Directions for this task — Leaving out every picture, copy the lines of the data exactly, from the first through the line containing "华元宠具(hoopet)地狱".

Given information —
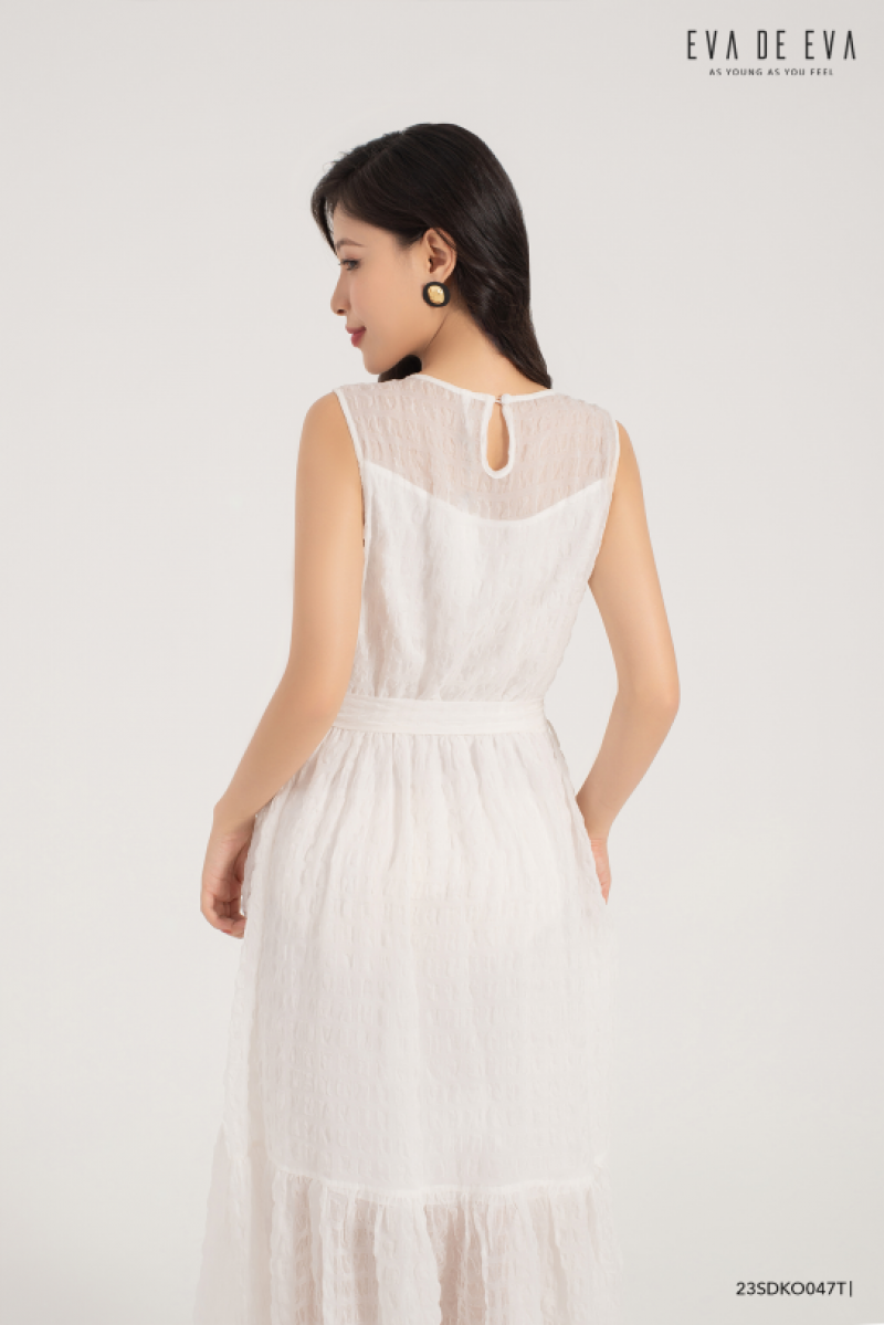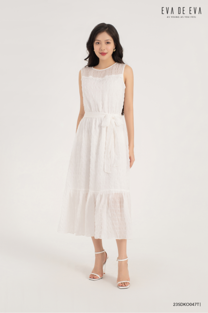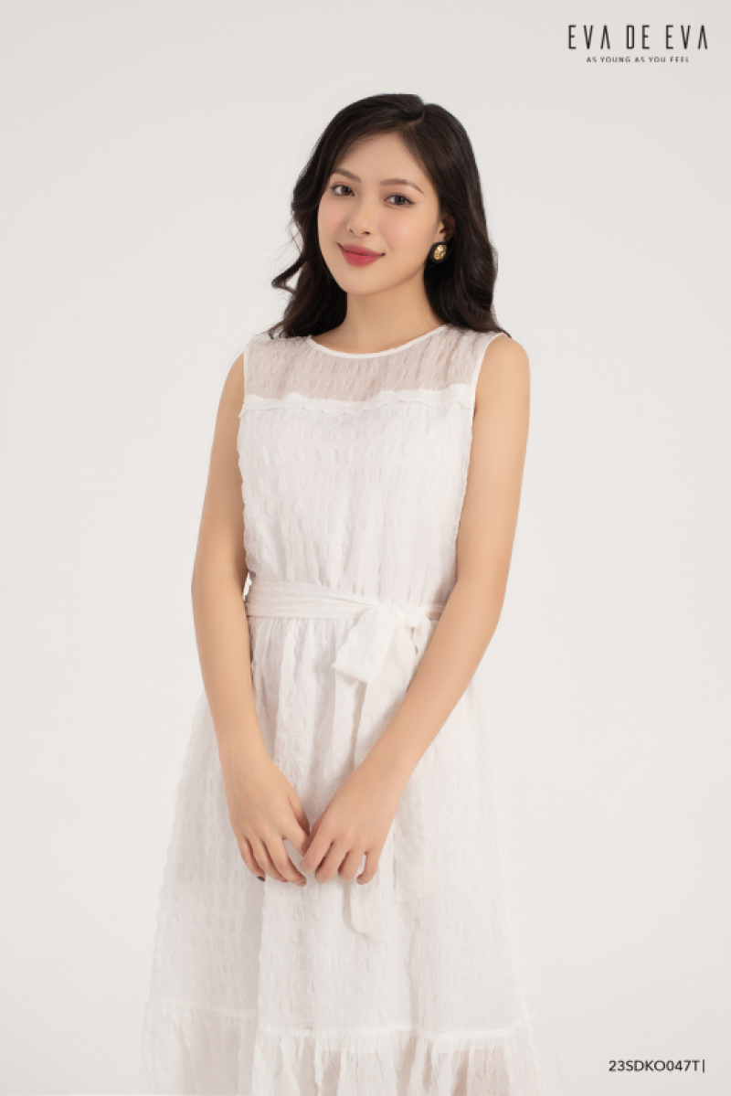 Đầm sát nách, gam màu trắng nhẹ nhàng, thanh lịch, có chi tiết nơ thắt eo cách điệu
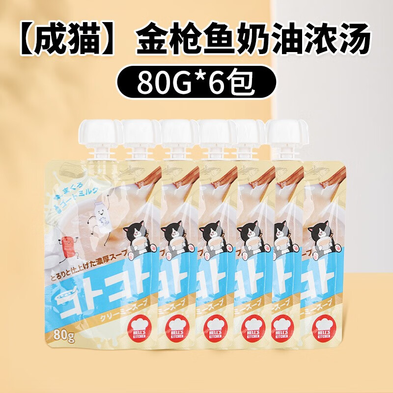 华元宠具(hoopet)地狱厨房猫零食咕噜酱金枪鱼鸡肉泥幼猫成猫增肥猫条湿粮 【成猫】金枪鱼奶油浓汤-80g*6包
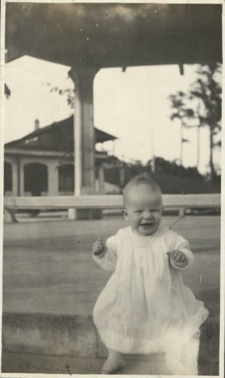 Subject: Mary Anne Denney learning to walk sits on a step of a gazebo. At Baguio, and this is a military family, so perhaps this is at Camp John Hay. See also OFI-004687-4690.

Solution to the problem —
 Đầm sát nách, gam màu trắng nhẹ nhàng, thanh lịch, có chi tiết nơ thắt eo cách điệu
 华元宠具(hoopet)地狱厨房猫零食咕噜酱金枪鱼鸡肉泥幼猫成猫增肥猫条湿粮 【成猫】金枪鱼奶油浓汤-80g*6包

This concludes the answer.